Hi Dan, in the end you turned one of the small icons with text into a global. That means if you change the text in one it will also change in the others. So if you want to change the text in one you have to break the link?
Very enjoyable to watch the vid.

You can override the text in each global so it’s unique, see the video below :smiling_face:

I understand but just curious if it involved text too. So yes. Thanks!

Thank you for demoing building a simple site in Elements.

Unfortunately I’m finding the process unintuitive and a little tedious as there are some things you can drop into the edit view (elements), others that are better placed in the structure view (sub-elements), and others that need to be dragged into the property inspector (images, videos, etc). I’d love to be able to drag and drop resources into the edit view and have Elements create the required element, and place it where I’ve dropped it, without then having to go and fiddle with the outline or the properties panels. Also, being able to drag element ‘handles’ to resize, adjust padding and margins, etc would really help to keep the focus in the visual editor.

The properties panel has also become a bit unwieldily as it appears very difficult to find anything (lots of scrolling, low information density - the padding and margin widgets in particular) and there doesn’t seem to be a huge amount of consistency with regards to how properties are listed as you demonstrated, as it’s very easy to set the property for a mobile version of an element while intending to change the desktop version.

Then there’s the properties that you need to change via the theme inspector which just adds yet another layer of complexity forcing users to remember where they need to set (or override) which property.

I’m not sure what the answer is, but I suspect the sooner you get Elements in to users’ hands and receive actual user feedback you’ll be in a better position to asses how to proceed.

This is in no way meant to criticize the fantastic work you’ve already done in Elements (there’s LOTS to like), more that I’d hate to see it quickly dismissed by potential users due to a currently awkward UX. I know Elements is a v1 pre-beta, but there’s some not insignificant UX issues that are already visible within the workflow demonstrated.

I have to agree with this as an overall statement.


Agreed also.

I have made comments about the elements lists as well.

It seems to be missing an actual flow. Just a bit too many “powerful” techniques rather than settling on one or two. Perhaps the app needs to decide what is the best way to work and then stick with that method all the way.

EDIT: Let me add. Perhaps if the interface could be broken into logical sections. For example, the editing column on the left—perhaps make one accordion for structure, one for typography and one for design. Then open and close each as needed. Think more like a graphics program. If those three accordions become too long, add a logical forth, like images.

Hi everyone, Yes, good, ok with everything you said but the Globals they will rename them right? :face_with_hand_over_mouth:


I certainly hope so.


I have been thinking about this.

  1. I don’t know what it is called, but the section that was demoed way back at the beginning acts as the core or master styles page. To me, that is one of the most powerful parts of Elements. It has the potential to keep the number of classes low and consistent when used properly.
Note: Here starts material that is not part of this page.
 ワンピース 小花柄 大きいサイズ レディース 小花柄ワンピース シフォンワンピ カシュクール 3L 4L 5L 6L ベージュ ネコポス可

  2. Then, there are the class overrides. I see this as the right sidebar editor. This needs the organization I mentioned earlier, a logical Accordion UI. However, this is the very part of the app that can create bloat in the classes. The more that is edited here, the more the code swells.

  3. There needs to be a clear understanding of when to edit the Core and when to edit the Overrides. I see it as anything that is global should be edited in the Core editor, and anything that is element-specific for that page should be edited in the Override editor.
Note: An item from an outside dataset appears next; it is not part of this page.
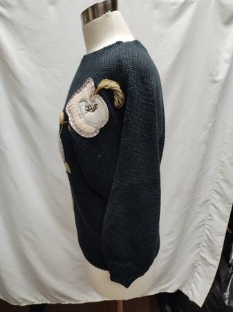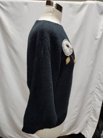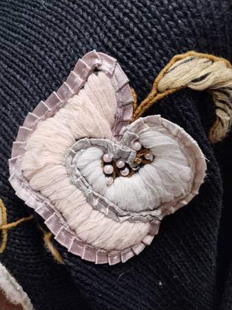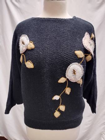 Used - good condition. The knit sweater is in like-new condition, but there are some snags and imperfections on the embroidered flowers.

  4. Perhaps some names for each of the icons would be useful? I love icons, I really do, however in the beginning an icon can have so many interpretations that an inexperienced user can easily get lost.

  1. Regarding the drag and drop of elements onto the page, yes, in my mind, to make the app a fully functional interface, there ideally would be better controls for editing the layers within the canvas rather than going back to the left side–inspectors.

  2. It was very hard to watch this demo. The designer constantly got lost in the interface. It appears that at times there were a number of dependencies (multiple steps required) to accomplish what seemed like a simple task. This could be because the designer got lost in the interface and clicked something by mistake; it was hard to tell what was happening at times. I simply agree it needs a bit of polish.

There is so much to love about what the Rapidweaver Team has accomplished so far. Please take this as constructive feedback. It’s going to be so much fun!

Hats of to @dan for demoing something on the fly with just an Image of a site to work from. That said I enjoy seeing him work this way as this is how I work. fiddle with this fiddle with that until it looks good and it shows there are different ways to get the same effect or better. The good thing I see is its wysiwyg so not as much flipping back to preview all the time. I dont always have two screens with my laptop so it’s nice to see this.


Kind of how I work as well, prefer as many controls as possible, full tool set.
I think as an example I would like to see a button to collapse all control areas on the right side with a simple click to tidy up, you can see from screen shot a few have been collapsed, as long as these are logical in their order/headings no probs. The left side is collapsable, would like the hover to pop up the item, like when you hover over Safari page tabs, see what element, especially when there are tens and tens of them

How can anyone be a “hard-core Element fan” if no one has access to the application?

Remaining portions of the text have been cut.